▶ EXERCISE DETAILS:
Please transcribe the data that follows exactly as given, leaving out every picture.

Records from a dataset
================

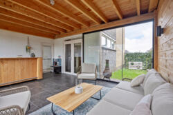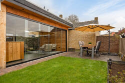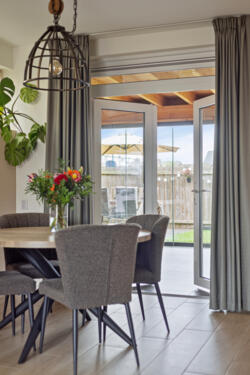Aan de achterzijde is de zonnige tuinkamer gelegen: deze biedt extra leefruimte met veel licht en direct contact met de tuin. Door de grote schuifbare raampanelen kun je deze ruimte ’s zomers inzetten als buitenruimte.
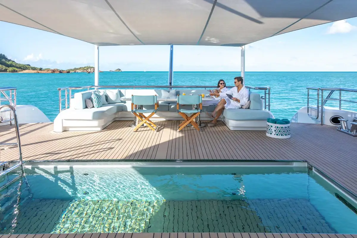 - Lowering pool with swim jet on the main deck
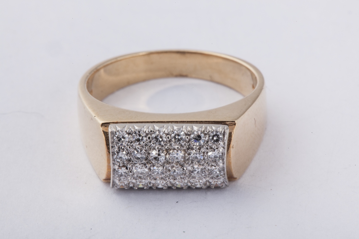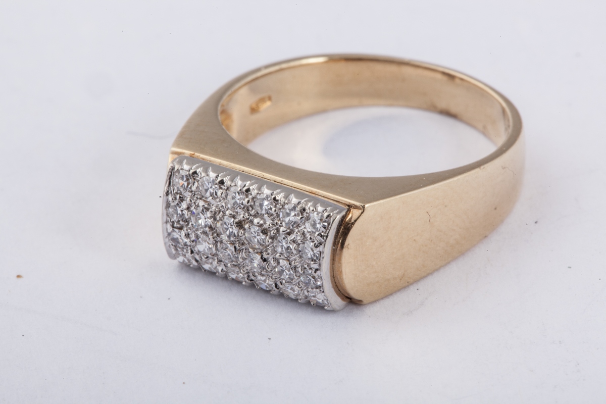 BAGUE en or jaune, ornée d'un pavage de diamants taillés en huit-huit.
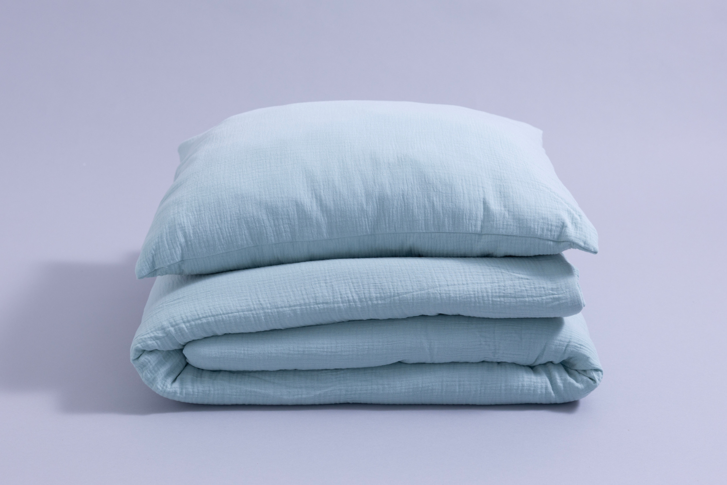 Conjunto de edredão e almofada em musselina de algodão 140x200 com enchimento - Menta
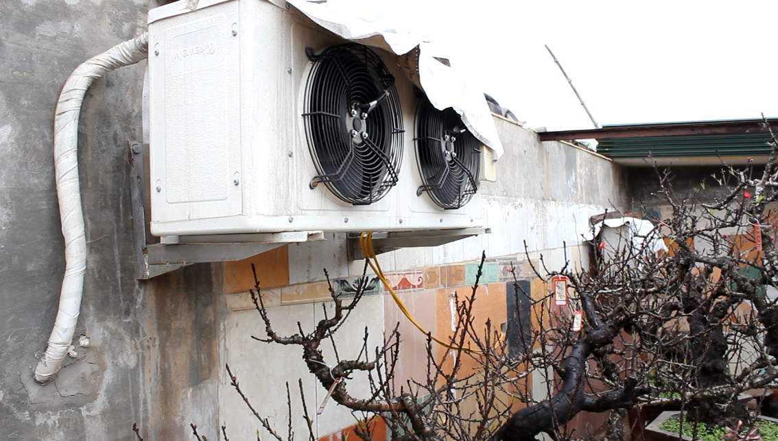 Để chống chọi với cái rét buốt của thời tiết và đảm bảo cho đào nở đúng độ, một chủ vườn Nhật Tân đã trang bị điều hòa 2 chiều, đưa những gốc đào quý vào lô cốt
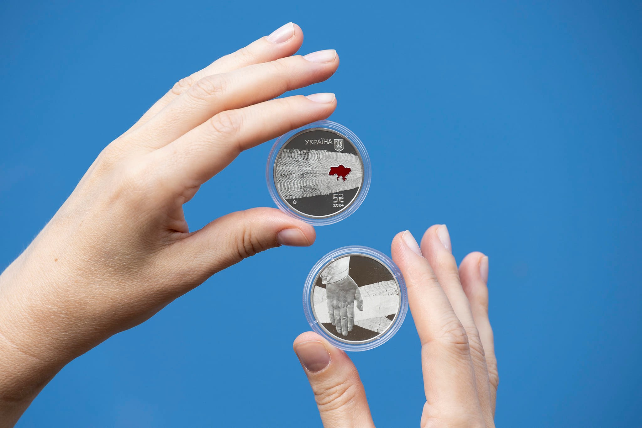 Монета була введена в обіг 26 липня 2024 року та присвячена самовідданій праці українських медиків у тилу й на фронті. Вона має номінал 5 гривень, виготовлена з нейзильберу, тираж – до 50 тис. штук.
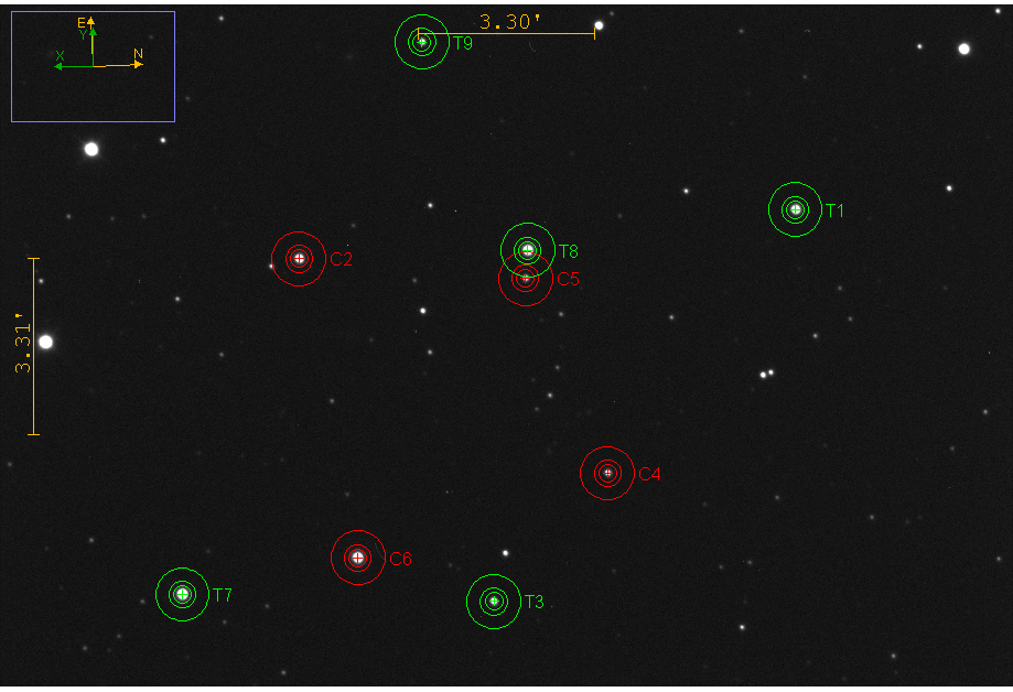 Voisinage de l'objet, étoiles de comparaison et de contrôle
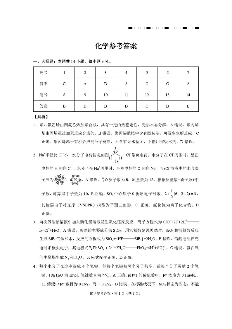 西南名校联盟2026届“3+3+3”高考备考诊断性联考(二)化学答案.pdf

================

▶ WRITTEN ANSWER:
Aan de achterzijde is de zonnige tuinkamer gelegen: deze biedt extra leefruimte met veel licht en direct contact met de tuin. Door de grote schuifbare raampanelen kun je deze ruimte ’s zomers inzetten als buitenruimte.
 - Lowering pool with swim jet on the main deck
 BAGUE en or jaune, ornée d'un pavage de diamants taillés en huit-huit.
 Conjunto de edredão e almofada em musselina de algodão 140x200 com enchimento - Menta
 Để chống chọi với cái rét buốt của thời tiết và đảm bảo cho đào nở đúng độ, một chủ vườn Nhật Tân đã trang bị điều hòa 2 chiều, đưa những gốc đào quý vào lô cốt
 Монета була введена в обіг 26 липня 2024 року та присвячена самовідданій праці українських медиків у тилу й на фронті. Вона має номінал 5 гривень, виготовлена з нейзильберу, тираж – до 50 тис. штук.
 Voisinage de l'objet, étoiles de comparaison et de contrôle
 西南名校联盟2026届“3+3+3”高考备考诊断性联考(二)化学答案.pdf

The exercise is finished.